**THE TASK**
The line containing "東方澤鵟和燕隼近10年平均數" and every line after it to the end of the records: set those down exactly, without any pictures.
*** THE DATA ***
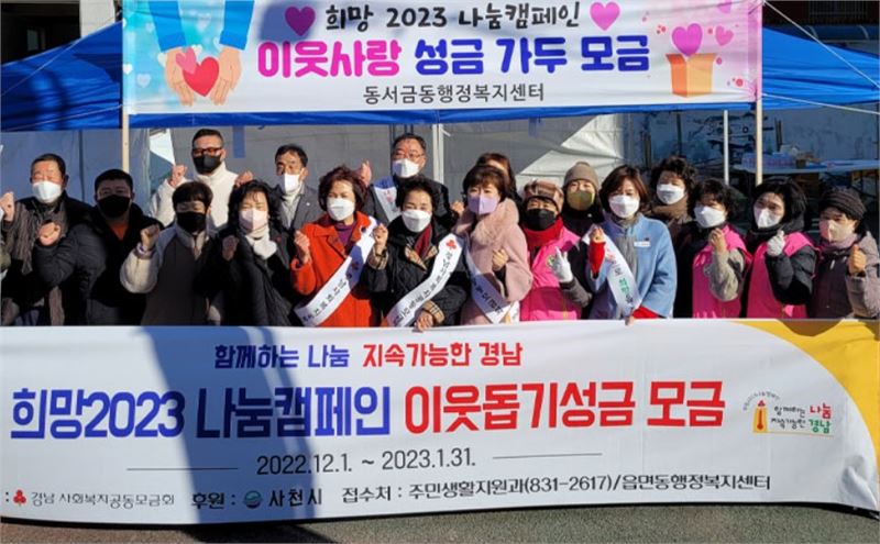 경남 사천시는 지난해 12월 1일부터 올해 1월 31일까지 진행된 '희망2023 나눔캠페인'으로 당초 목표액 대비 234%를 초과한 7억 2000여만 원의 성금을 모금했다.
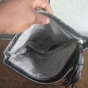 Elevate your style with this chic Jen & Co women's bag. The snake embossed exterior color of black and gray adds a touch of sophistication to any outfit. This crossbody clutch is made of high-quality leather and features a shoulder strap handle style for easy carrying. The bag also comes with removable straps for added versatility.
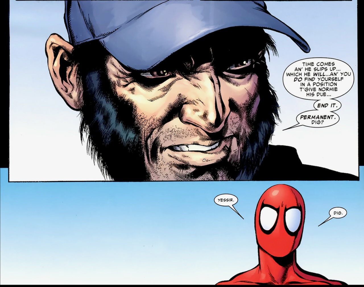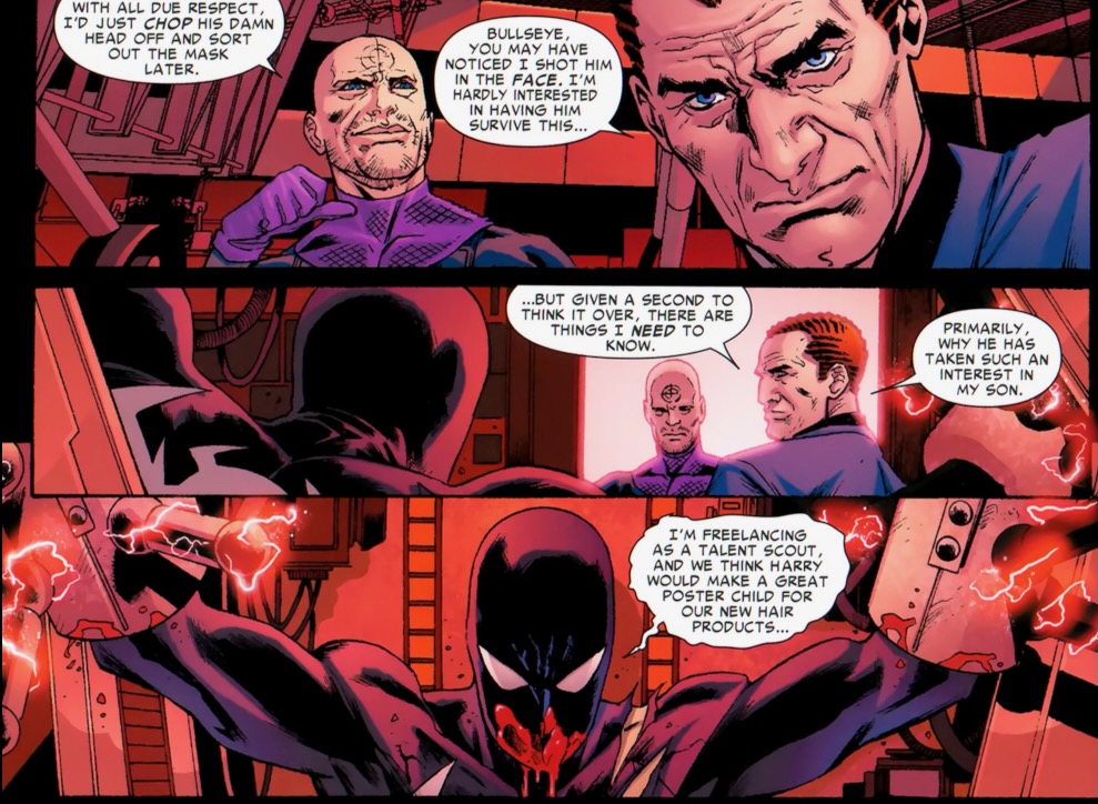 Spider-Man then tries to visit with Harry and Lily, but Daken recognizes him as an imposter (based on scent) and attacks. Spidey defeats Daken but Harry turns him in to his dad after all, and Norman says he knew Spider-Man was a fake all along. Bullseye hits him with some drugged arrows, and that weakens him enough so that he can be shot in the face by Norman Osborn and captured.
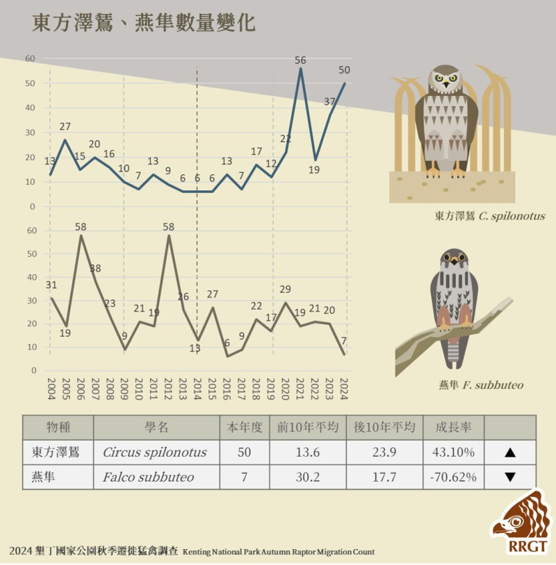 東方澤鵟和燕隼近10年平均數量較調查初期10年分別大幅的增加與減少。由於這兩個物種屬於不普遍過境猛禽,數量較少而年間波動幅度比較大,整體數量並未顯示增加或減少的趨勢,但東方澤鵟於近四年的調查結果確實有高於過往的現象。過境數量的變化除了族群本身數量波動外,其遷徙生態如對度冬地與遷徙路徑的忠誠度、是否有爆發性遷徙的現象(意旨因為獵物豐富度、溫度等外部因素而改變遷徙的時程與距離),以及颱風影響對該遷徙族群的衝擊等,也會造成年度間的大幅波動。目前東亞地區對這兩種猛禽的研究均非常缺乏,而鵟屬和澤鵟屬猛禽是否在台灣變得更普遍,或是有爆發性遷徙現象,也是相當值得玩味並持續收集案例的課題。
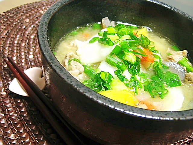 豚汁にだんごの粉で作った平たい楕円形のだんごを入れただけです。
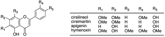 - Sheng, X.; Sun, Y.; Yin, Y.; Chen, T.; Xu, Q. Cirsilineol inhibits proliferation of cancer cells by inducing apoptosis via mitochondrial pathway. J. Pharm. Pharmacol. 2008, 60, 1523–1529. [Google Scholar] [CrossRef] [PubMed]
***
**OUTPUT FOR THIS TASK**
 東方澤鵟和燕隼近10年平均數量較調查初期10年分別大幅的增加與減少。由於這兩個物種屬於不普遍過境猛禽,數量較少而年間波動幅度比較大,整體數量並未顯示增加或減少的趨勢,但東方澤鵟於近四年的調查結果確實有高於過往的現象。過境數量的變化除了族群本身數量波動外,其遷徙生態如對度冬地與遷徙路徑的忠誠度、是否有爆發性遷徙的現象(意旨因為獵物豐富度、溫度等外部因素而改變遷徙的時程與距離),以及颱風影響對該遷徙族群的衝擊等,也會造成年度間的大幅波動。目前東亞地區對這兩種猛禽的研究均非常缺乏,而鵟屬和澤鵟屬猛禽是否在台灣變得更普遍,或是有爆發性遷徙現象,也是相當值得玩味並持續收集案例的課題。
 豚汁にだんごの粉で作った平たい楕円形のだんごを入れただけです。
 - Sheng, X.; Sun, Y.; Yin, Y.; Chen, T.; Xu, Q. Cirsilineol inhibits proliferation of cancer cells by inducing apoptosis via mitochondrial pathway. J. Pharm. Pharmacol. 2008, 60, 1523–1529. [Google Scholar] [CrossRef] [PubMed]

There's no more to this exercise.